:: WHAT NEEDS TO BE DONE ::
With pictures excluded, copy word for word the lines in the data below from the line containing "Oreo islagkage uden" through the line containing "10-week framework to help you".

:: TASK DATA ::
■ ■ ■

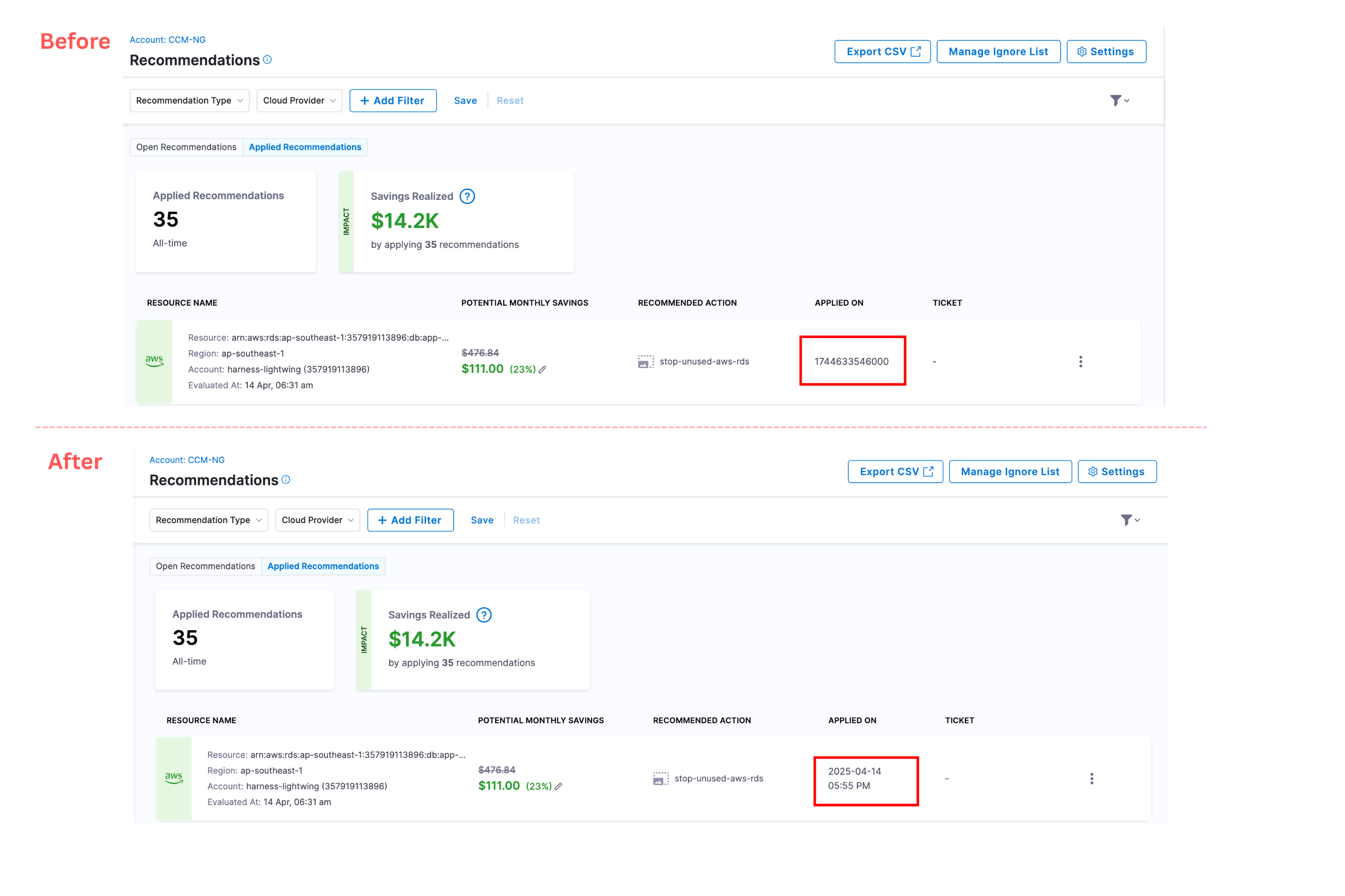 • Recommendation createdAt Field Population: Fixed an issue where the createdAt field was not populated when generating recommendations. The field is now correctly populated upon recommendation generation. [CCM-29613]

■ ■ ■

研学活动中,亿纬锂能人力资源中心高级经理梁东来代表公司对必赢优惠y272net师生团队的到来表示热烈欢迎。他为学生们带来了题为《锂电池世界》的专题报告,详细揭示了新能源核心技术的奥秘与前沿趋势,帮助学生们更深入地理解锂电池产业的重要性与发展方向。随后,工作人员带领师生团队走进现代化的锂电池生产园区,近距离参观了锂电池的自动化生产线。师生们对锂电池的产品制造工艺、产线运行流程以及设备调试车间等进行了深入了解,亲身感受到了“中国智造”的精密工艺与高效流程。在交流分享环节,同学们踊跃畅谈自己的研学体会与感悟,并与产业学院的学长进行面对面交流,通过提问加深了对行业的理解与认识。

■ ■ ■

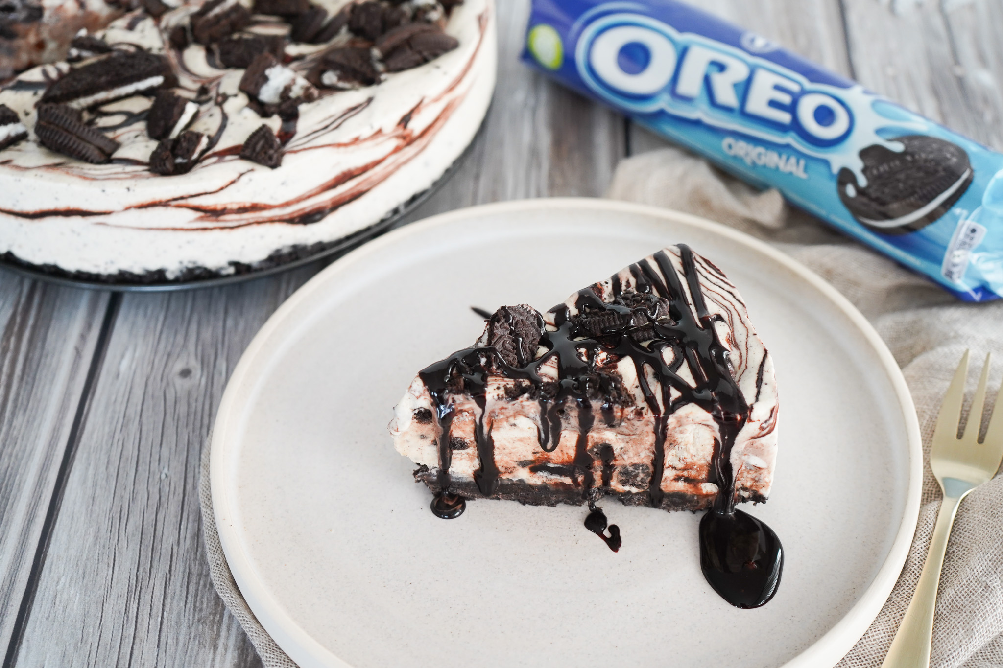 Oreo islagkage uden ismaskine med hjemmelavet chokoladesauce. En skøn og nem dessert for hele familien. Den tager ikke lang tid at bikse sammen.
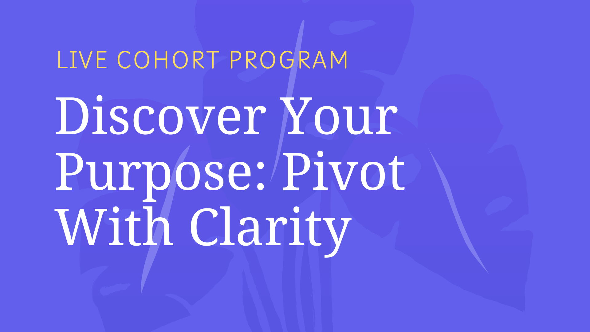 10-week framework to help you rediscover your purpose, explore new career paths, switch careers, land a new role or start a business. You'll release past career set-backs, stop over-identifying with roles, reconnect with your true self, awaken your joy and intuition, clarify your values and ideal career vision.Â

■ ■ ■

:: FINISHED EXERCISE ::
 Oreo islagkage uden ismaskine med hjemmelavet chokoladesauce. En skøn og nem dessert for hele familien. Den tager ikke lang tid at bikse sammen.
 10-week framework to help you rediscover your purpose, explore new career paths, switch careers, land a new role or start a business. You'll release past career set-backs, stop over-identifying with roles, reconnect with your true self, awaken your joy and intuition, clarify your values and ideal career vision.Â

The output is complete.